Croydon Clocktower’s much-loved arts cinema opened on 3 March 1995, with Heavenly Creatures, a psychological thriller from director Peter Jackson, who subsequently made the Lord of the Rings trilogy.
It also featured Kate Winslet in her first starring role.
It was a remarkable day in the town’s cultural history, with Cock and Bull Stories – an exhibition examining Picasso’s representation of animals – also opening in the Clocktower; which Time Out soon named “The jewel in Croydon’s crown.”
Now Croydon Council, which created the Clocktower complex, and the David Lean Cinema Campaign, which presents most of the screenings there, look forward to celebrating the 25th anniversary of the opening on Tuesday 3 March, with another absorbing film.
Be Natural: The Untold Story of Alice Guy-Blaché is a fascinating documentary that reveals the life and work of the groundbreaking first female director, screenwriter, producer and studio owner.
From 1896 to 1920, Alice directed 400 films in France and the USA.
The evening will start with complimentary drinks, courtesy of the Council, and will conclude with a Q&A session, with the film’s director Pamela Green (via Skype from Los Angeles), co-producer Cosima Littlewood and contributor Roland-François Lack.
Although arts-related cuts resulted in the cinema closing from April 2011 to March 2014, the last six year years have seen it flourish due to the dedication of the Campaign’s Community Interest Company, and the support of its many loyal patrons.

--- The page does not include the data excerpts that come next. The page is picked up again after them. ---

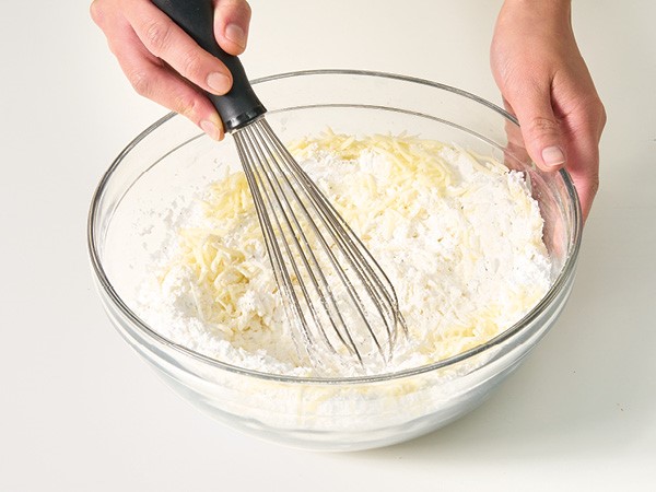 First things first, gather the dry and wet ingredients from our Gluten-Free Blue Cheese and Pear Pizza recipe. Whisk together the dry ingredients and stir in the mozzarella cheese.
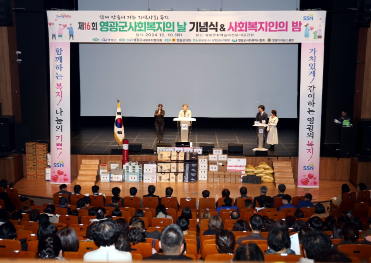 이날 행사는‘함께하는 복지! 나눔의 기쁨! 가치있게! 같이하는 영광의 복지!’슬로건을 중심으로 사회복지 가치와 중요성을 널리 알리고, 종사자에 대한 노고를 격려하는 등 영광군 사회 복지에 대한 관심을 높이기 위해 마련됐으며 사회복지 증진에 기여한 공로를 인정받은 종사자 및 관계자 19명에게 군수 표창, 2명에게 감사패를 수여했다.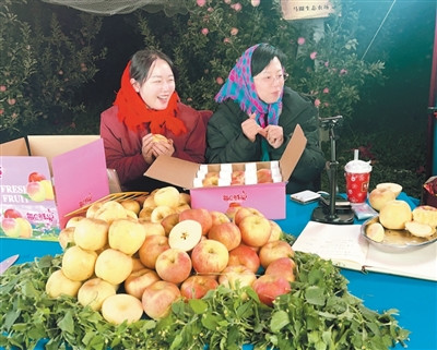 辽宁省大连市金州区干部(右)带领团队直播销售三十里堡苹果。王小妮摄

Paula Murray, Croydon Council’s Creative Director, said: “We are fortunate in Croydon to have our very own small scale independent cinema in the David Lean.
Run by enthusiastic volunteers, it has a great all round offer and is a significant part of Croydon’s Clocktower now and for the future.”

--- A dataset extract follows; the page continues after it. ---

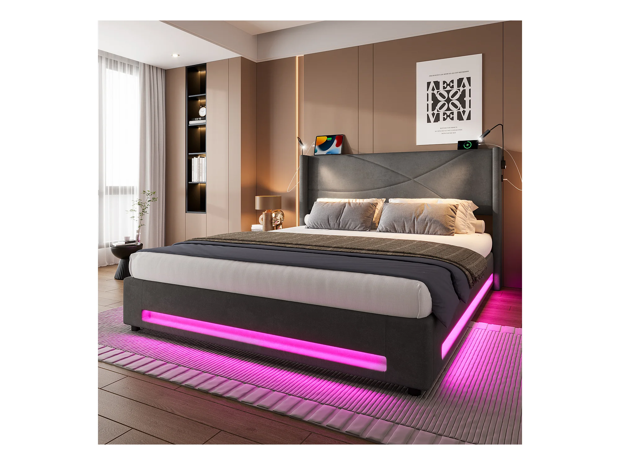 Lit Coffre 160×200 cm - Lit Rembourré en Velours Gris – Motif Matelassé en Lignes - Lampe de Lecture + LED/USB – Coffre Hydraulique – Style Contemporain

Campaign Chairman Philip Howard said: “We’re delighted that the Cinema has reached this milestone, and we plan to keep delivering a wide variety of films to the people of Croydon for years to come.”
See www.davidleancinema.org.uk for ticket availability.
Photo caption: Alice Guy-Blaché (behind tripod) filming in 1906.
The David Lean Cinema is an intimate, 68 seat venue, named after the renowned Croydonborn director. Since March 2014, the Campaign has presented an expanding programme, including films rarely-screened elsewhere. The cinema currently holds the Time Out ‘Love London’ Croydon Local Culture award.